First, I would stipulate that Pat Robertson is a huge jackass- based on all the nonsense in his past. But… this Mac 'n' Cheese thing I find innocent. In fact, it seems that Robertson was trying to reach out in a pop-culture context to his African-American guest. Certainly, the phrase "Black thing" has long since entered the pop vernacular. (cf. "You wouldn't understand…) I think that ol' Pat was trying to be hip. Look at the way he said it; who he's talking to, etc. You can argue that it was a good or bad idea, but to post the video at rightwingwatch.org, alongside the rubric, "Speak out against intolerance," is pure demagogy.So- what are the rules for conservatives using a black cultural reference? Simple- the rules are whatever your opponents decide -- to make you look the worst. Something that would be hip- a laugh line on Jimmy Fallon, becomes racism -- if it scores points against the opposition.Cynical & divisive- an excellent fit for Campaign 2012.
Mac and cheese rather than stuffing sounds like an improvement. MadMan's suggestion of adding more cheese to the mac and cheese and baking is another improvement. Sprinkling pecans on the mac and cheese crust sounds like another improvement.
I just can't make mac and cheese go with turkey and dressing in my mind. There's a clash there, and with the mashed potatoes we're getting into the range of having so much starch there could be a spontaneous explosion. My family always had a broccoli and rice casserole. I like the idea of green bean casserole but can't get it to come out the way I wish. To me mac and cheese is comfort food sort of like chicken soup.
A Thanksgiving Day meal is supposed to resemble the original meal of turkey, stuffing, gravy, mashed potatoes, squash and pumpkin pie with Cool Whip on top of it. Adding any other cultural crap to the meal is heresy.
Mac and cheese is a vegetable and as such is allowable any place vegetables are served.Of course it's a vegetable!

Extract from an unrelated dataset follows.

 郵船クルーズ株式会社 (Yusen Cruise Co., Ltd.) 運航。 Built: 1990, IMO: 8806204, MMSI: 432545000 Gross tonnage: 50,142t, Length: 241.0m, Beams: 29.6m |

When you get the veggie plate at The Cupboard in Memphis, one of your options is mac and cheese.I'm not making mac and cheese until tomorrow. Today, it's ropa vieja (made with llama) and Fritos. I don't really like turkey.

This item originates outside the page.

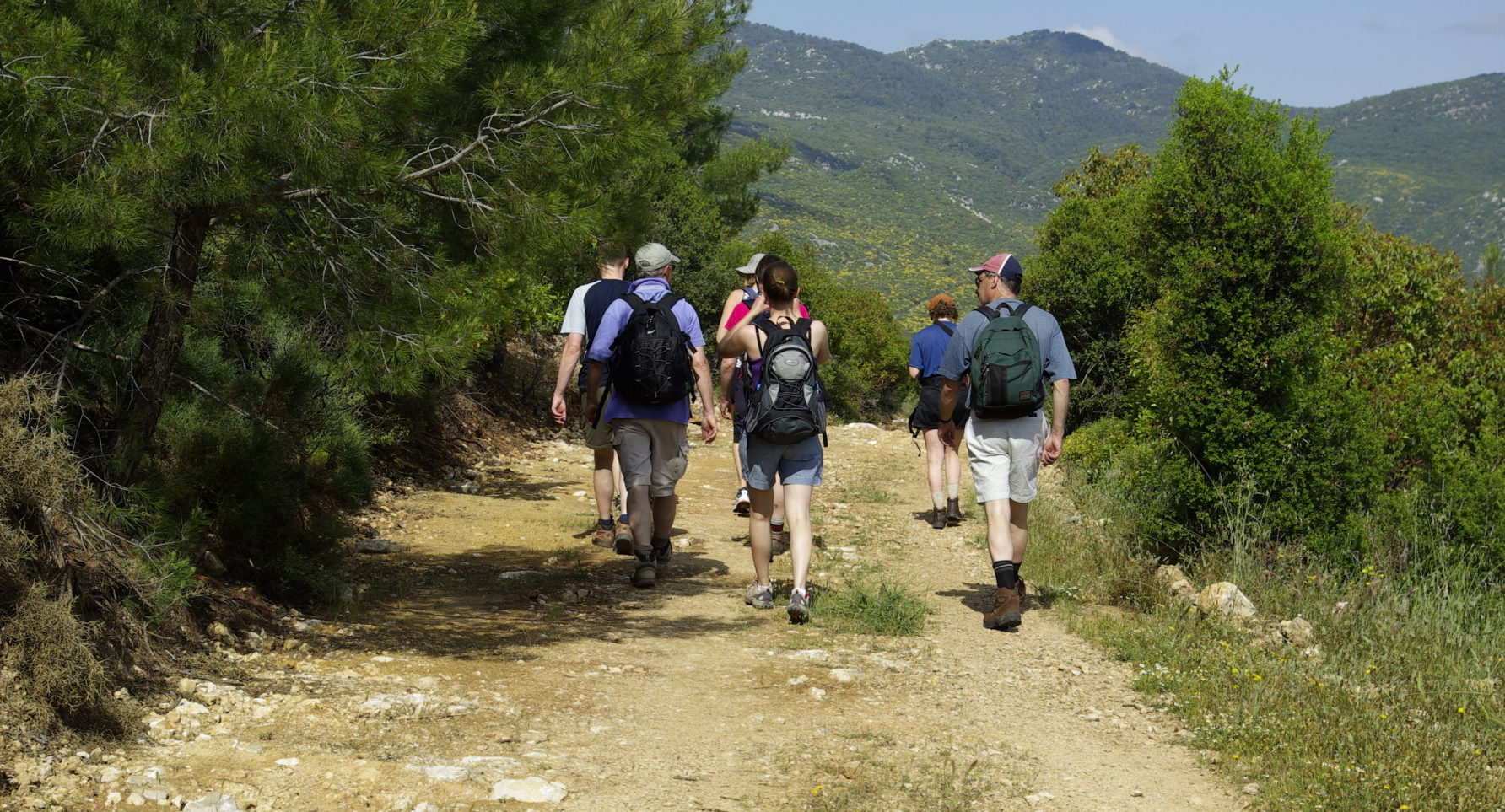This path continues through some scrubby areas, crosses an olive grove and then narrows to the path you will follow for the next hour/hour and a half.

Good thing he hasn't found out about Italian families and Lasagna, for at Thanksgiving.Personally I find it fascinating to look at other peoples traditions. We are supposed to be a melting pot. TG, just shows us how we are melting together. Besides, I am unaware of an official menu that's been handed down from on high.Though we really should encourage more venison. Though in my family that's traditionally eating at xmass, which can't get here fast enough.
Making Fannie Farmer's mac and cheese right now.
Holy cow. I'm a believer.
Once you get into food, the whole point of charging racism becomes exceedingly silly.I for one have never had man and cheese for thanksgiving, so might wonder if it were a southern or black tradition. But even if it were a black thing, so what? Why would that be the least bit offensive to ask, or to reveal.It would be like getting outraged if someone asked whether spaghetti was an Italian thing, or potatoes were an Irish thing.
I can't understand it Paula Deen has mac and cheese to die for. Kraft has mac and cheese with mostly white people selling it on TV. It's a cheap and delicious dish, perhaps the patrician Robertson never had to deign to eat such "peasant" food. But it is surely not a "black thing". Perhaps Robertson should have asked What Would Jesus Have Eaten on Thanksgiving before posing this question?
I had to dig up this old thread to figure out what macaroni and cheese I made last year.